Publication year - 1991
Publication title -
european journal of haematology
Language(s) - English
Resource type - Journals
SCImago Journal Rank - 0.904
H-Index - 84
eISSN - 1600-0609
pISSN - 0902-4441
DOI - 10.1111/j.1600-0609.1991.tb01544.x
Subject(s) - medicine , chemotherapy , disease , general surgery , radiology , oncology , surgery
  47 patients with stages IIIB and IV Hodgkin's disease underwent laparotomy with splenectomy as restaging procedure after first‐line chemotherapy (CT) which included 4 cycles of CT ABV/IMEP/PCAV/ABV. After surgical restaging (SR), all patients were scheduled to receive 2 additional cycles IMEP/PCAV followed by TNI 20 Gy and patients with residual clinical abnormality or positive restaging surgery received a 20 Gy boost to these areas. 11 patients (23.4%) were found to have active disease in the spleen (10 patients) and/or the lymph nodes (3 patients) after SR. In the spleen, foci of active disease had a size in millimeters and confirm the limits of clinical restaging.
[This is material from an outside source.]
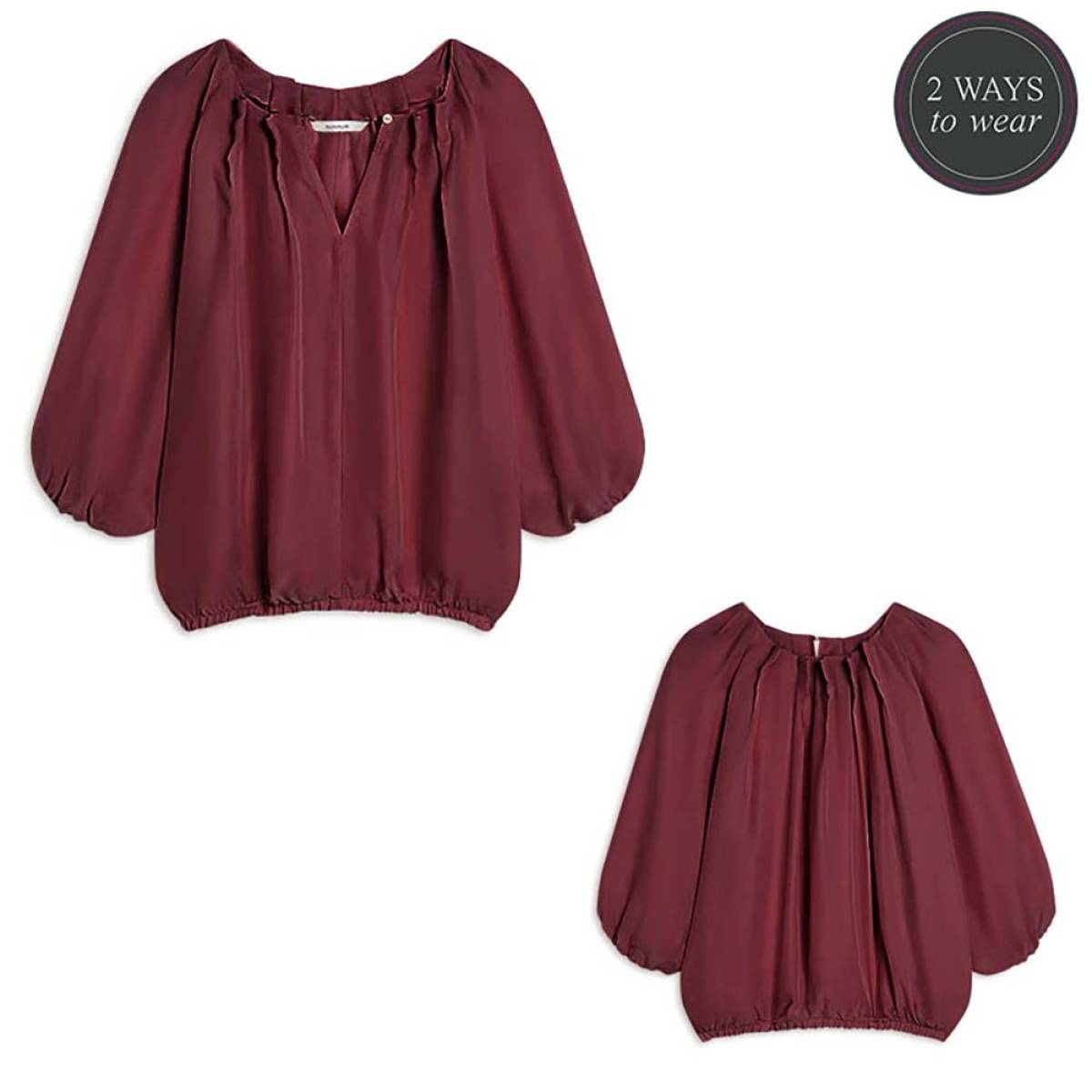 Deze schitterende top van Summum Woman in de warme kleur merlot is een must-have voor elke garderobe. Gemaakt van luxueus 100% cupro, voelt deze top zijdezacht aan en biedt het ultieme draagcomfort. Perfect voor zowel casual als chique gelegenheden, en eenvoudig te combineren met zowel jeans als rokken. Voeg een vleugje elegante klasse toe aan uw dagelijkse look met deze tijdloze en veelzijdige top.

According to the response to CT, 5 of the 35 patients (14%) clinically restaged as good responders had active disease; 6 of the 12 patients (50%) clinically restaged as poor responders had active disease. SR is of interest in selected patients with slowly responding disease to determine the indication of an extended field RT for responding patients and salvage therapy for patients resistant to CT.